Computational cost for determining an approximate global minimum using the selection and crossover algorithm

05/24/2019
by   Takuya Isomura, et al.
0

This work examines the expected computational cost to determine an approximate global minimum of a class of cost functions characterized by the variance of coefficients. The cost function takes N-dimensional binary states as arguments and has many local minima. Iterations in the order of 2^N are required to determine an approximate global minimum using random search.
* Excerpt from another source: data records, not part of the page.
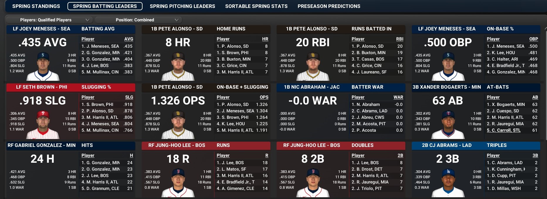 MLB news: March 17 -- Spring training - Leaders after 20 games
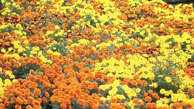 花壇一面に咲いたマリーゴールドもあわせて楽しめるレオマリゾートの「秋の大バラまつり」は11月24日まで開かれています。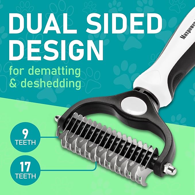 • DUAL-SIDED DESIGN: Our grooming brush is perfect for dematting and deshedding your pet's coat! With a dual-sided design, use the 9-teeth side to tackle stubborn mats and tangles and the 17-teeth side to thin out and deshed your pet's fur.

This work analytically and numerically demonstrates that the selection and crossover algorithm with random initialization can reduce the required computational cost (i.e., number of iterations) for identifying an approximate global minimum to the order of λ^N with λ less than 2. The two best solutions, referred to as parents, are selected from a pool of randomly sampled states. Offspring generated by crossovers of the parents' states are distributed with a mean cost lower than that of the original distribution that generated the parents. It is revealed that in contrast to the mean, the variance of the cost of the offspring is asymptotically the same as that of the original distribution. Consequently, sampling from the offspring's distribution leads to a higher chance of determining an approximate global minimum than sampling from the original distribution, thereby accelerating the global search. This feature is distinct from the distribution obtained by a mixture of a large population of favorable states, which leads to a lower variance of offspring. These findings demonstrate the advantage of the crossover between two favorable states over a mixture of many favorable states for an efficient determination of an approximate global minimum.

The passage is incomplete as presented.